Para los católicos mexicanos, la Semana Santa es la época en que no pueden faltar las vacaciones. Guayabitos se puebla de peregrinos que pretenden vivir la pasión de Cristo con el ardor de la espalda sin bloqueador, la laceración del traje de baño de una talla ajustada al presupuesto de hace dos temporadas y la moral cuestionada por un novio conseguido de último momento en Facebook.

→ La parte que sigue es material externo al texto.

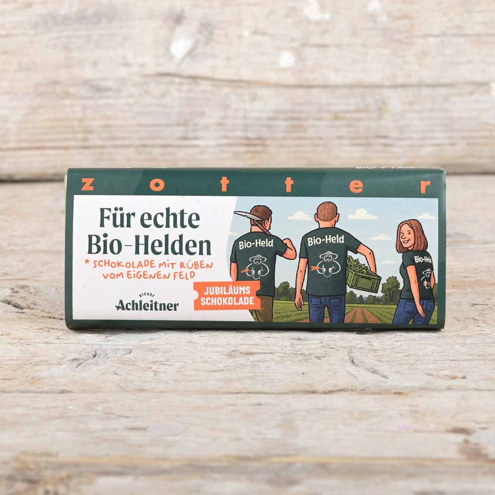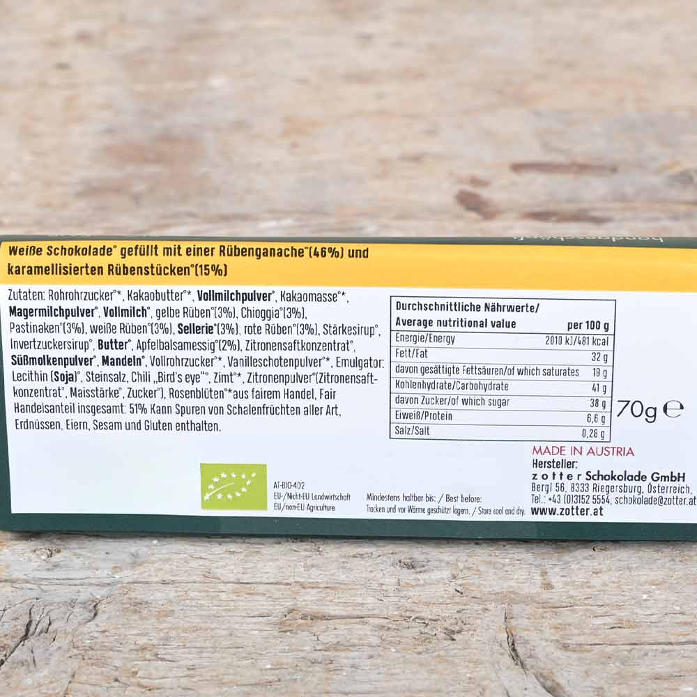Die Achleitner Edition der Zotter Schokolade ist mit roten Rüben verfeinert und hat einen kräftig süßen Geschmack.

Todos tienen el derecho de divertirse. Divertirse significa gastar con una tarjeta de crédito prestada para solventar una aventura anclada al lastre de una familia numerosa. Ni modo de no llevar a la abuela. Ni modo de no llevarla con su silla de ruedas, su piyama de felpa que le los bisnietos le regalaron en Navidad y el perico que dice cosas tan bonitas cuando la tía Nena le da cacahuates pelados, una manzana rallada y le canta “Cucurrucucú, paloma”.
El Váliant 72 aguanta un piano. A la tía Nena con papá y mamá adelante, la abuela con la jaula del perico, las gemelas con su novio de Facebook y el hermanito menor que cada quince minutos quiere bajarse del coche para hacer pipí.

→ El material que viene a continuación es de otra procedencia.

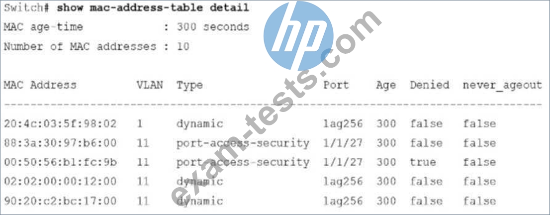 MAC authentication is enabled on port 1/1/27 of an AOS-CX switch. The following MAC addresses are defined on the AAA server:

El rosario lo rezan con la devoción de un Domingo de Ramos. Encomiendan su suerte a la clemencia de las letanías y de las balatas que chirrían el temor de una desgracia.
Guayabitos se prepara para los oficios. El calvario empieza por conseguir una habitación suficiente. Luego, pagarla a precio de temporada alta.

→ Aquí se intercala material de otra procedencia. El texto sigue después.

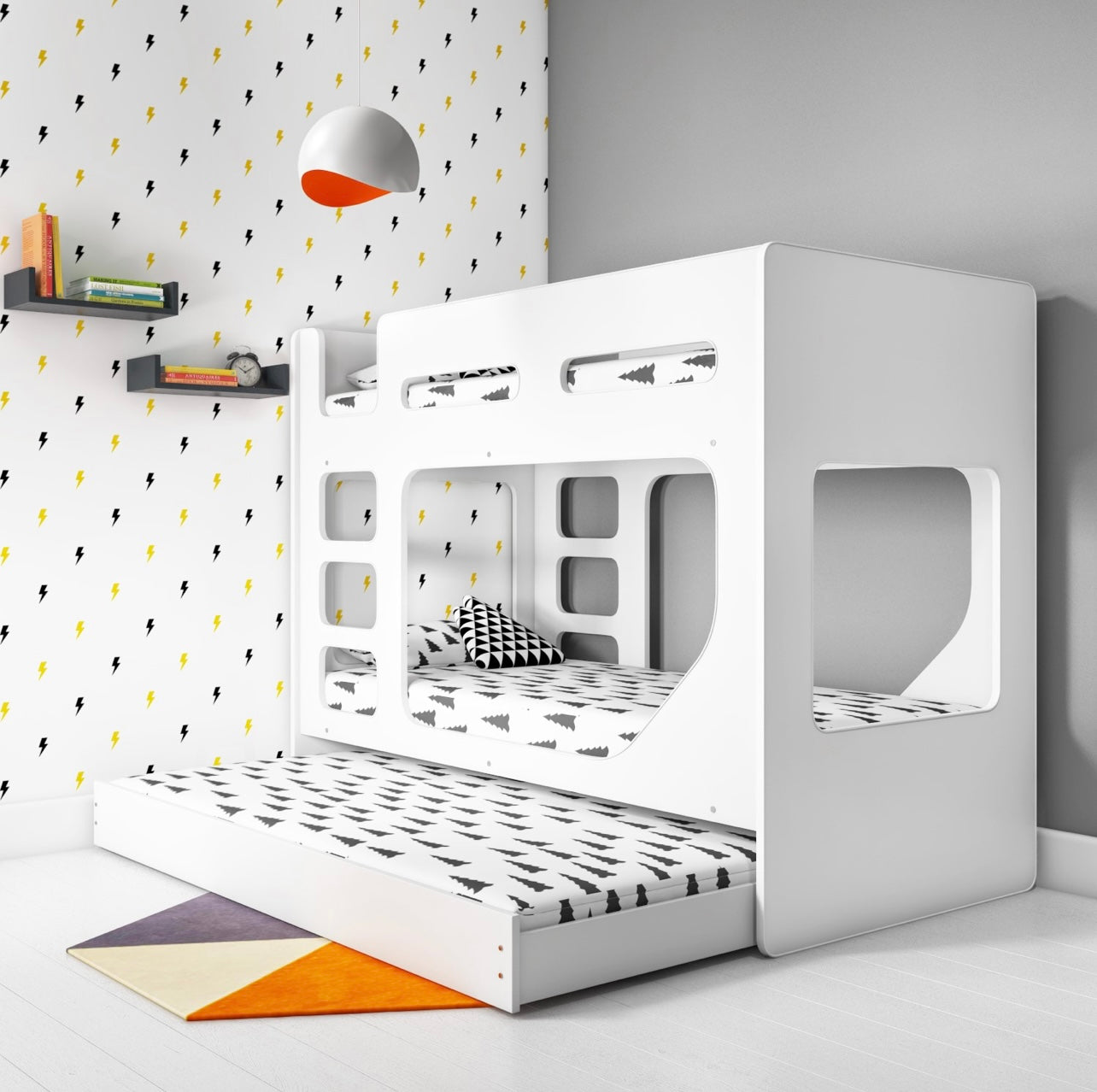 All in white, fresh and bright, this bunk bed easily coordinates with any bedroom décor, whether it be blue and football themed or pink and princess themed. With a compact design that features a pull out trundle which saves on storage space, giving your little ones plenty of room to play. The bunk bed has a strong wooden build that will last the test of playtime and a hardwearing finish that's super easy to wipe clean, ideal for sticky little fingers.

Una vez instalados, chapotear dentro de un mar sereno, sólo agitado por los bucitos multitudinarios y la algarabía hacinada de los creyentes que ofrecen su incomodidad por quien soportó la cruz y los clavos.
La fe sobra.
El Viernes Santo se celebra con un coctel de camarones sin verdura (algo hay que ofrecer), el silencio de la procesión a lo largo de la playa, sin sandalias para empatizar, y un magro presupuesto. “¿Por qué me has abandonado?”, rezan al Señor en voz alta cuando se pagan los cocos con doble chile (para martirizar el paladar) y la vuelta con la silla de ruedas de la abuela empujada sobre la insensatez de la arena.
La piedad alcanza para una noche más aunque se omita la cena y el desayuno del día siguiente (excepto para la abuela y el perico). Empacar lo poco que cabe en una maleta mojada, la toalla sobre el traje de baño y una última oración que alcanza para el camino de vuelta.
Podría no haber vacaciones. Pero el sacrificio lo reclama. La fe alcanza para eso y más.